Cabinet agrees €70m funding for storm damage

Funding to include road and pier repairs, as well as fixing coastal protection

Brian Kenny from the Dept. of the Environment Community and Local Government, Sean Hogan Chairman of the National Emergency Coordination Group and Ger Fleming from Met Eireann briefing media on the adverse weather conditions. Photograph: Alan Betson / The Irish Times

Brian Kenny from the Dept. of the Environment Community and Local Government, Sean Hogan Chairman of the National Emergency Coordination Group and Ger Fleming from Met Eireann briefing media on the adverse weather conditions. Photograph: Alan Betson / The Irish Times

Tue, Feb 11, 2014, 17:40

The Cabinet today agreed to provide an additional €70 million towards damage caused by recent flooding and bad weather.

Government members discussed the cost of funding for flood victims at this morning’s cabinet meeting.
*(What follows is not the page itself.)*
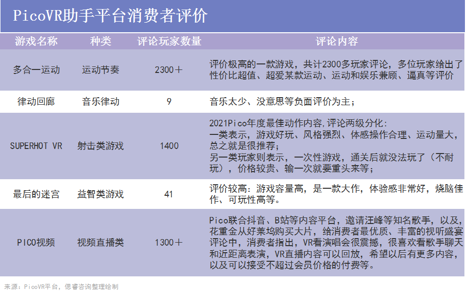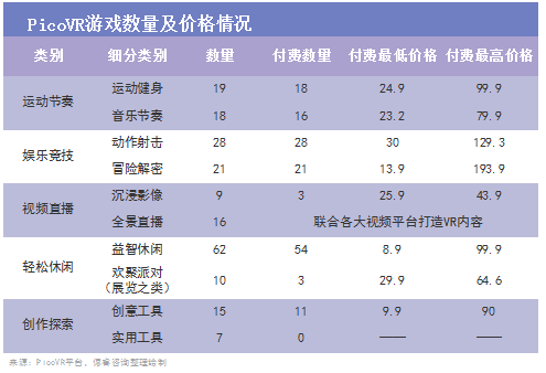 经偲睿咨询调查,截止目前,PicoVR助手中各类内容共计205项,其中游戏148款(运动节奏、娱乐竞技以及益智休闲)。而有媒体统计,截止4月底Quest平台共计357款软件,并且打造了《节奏光剑》《半衰期:爱莉克斯》等标杆性内容。在内容数量和质量上看,目前Pico不敌Oculus。
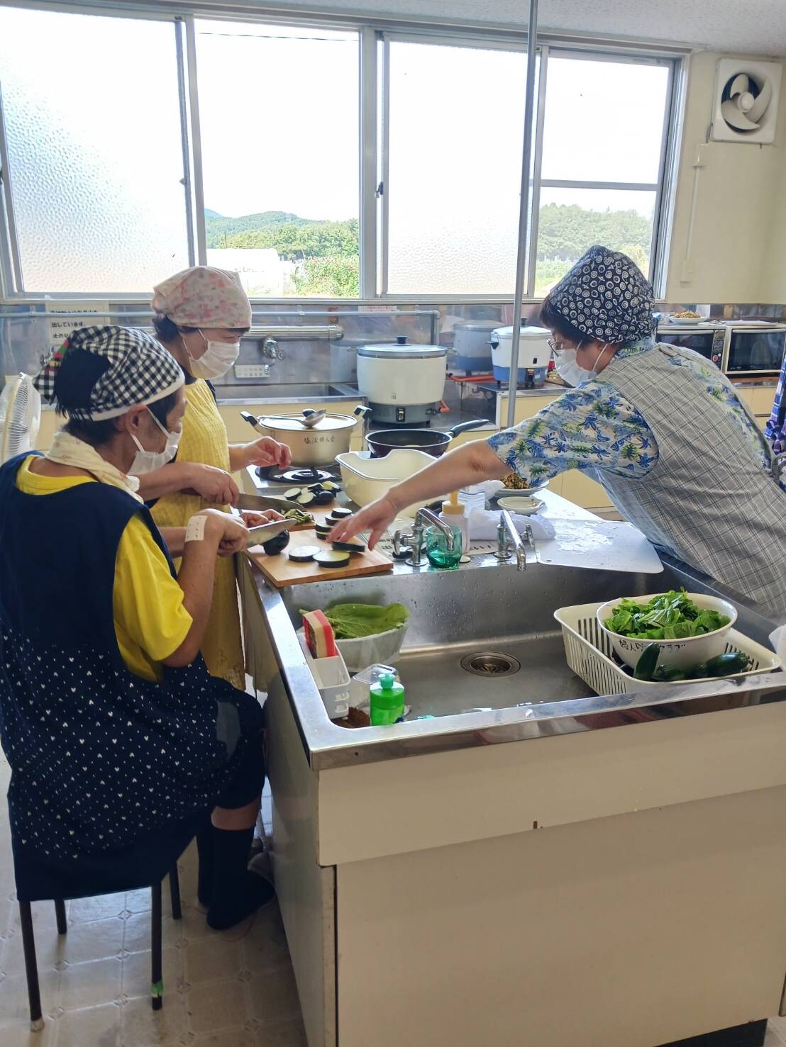 講師は女性部員の大内友子さんが務め福祉協議会主催の防災講習会で教わった災害時料理と題して鍋で作るごはん・あさり缶と春雨のスープ・大豆ミートを使ったナスのそぼろあんかけ・さば缶と叩ききゅうりの和え物を調理しました。

Details of the funding are expected to be announced by the Department of the Environment.

Labour TD Ciaran Lynch said the funding was “ targeted at those areas where serious storm damage occurred in December and January.”

The figure was “based on local authority estimates on the extent of the damage to local infrastructure and communities,” he said.

The funding includes €16.2 million for restoration of damaged roads, €19.6 million for repair of existing coastal protection infrastructure, €7 million for piers and harbours that have been damaged and €6 million for tourism infrastructure, he said.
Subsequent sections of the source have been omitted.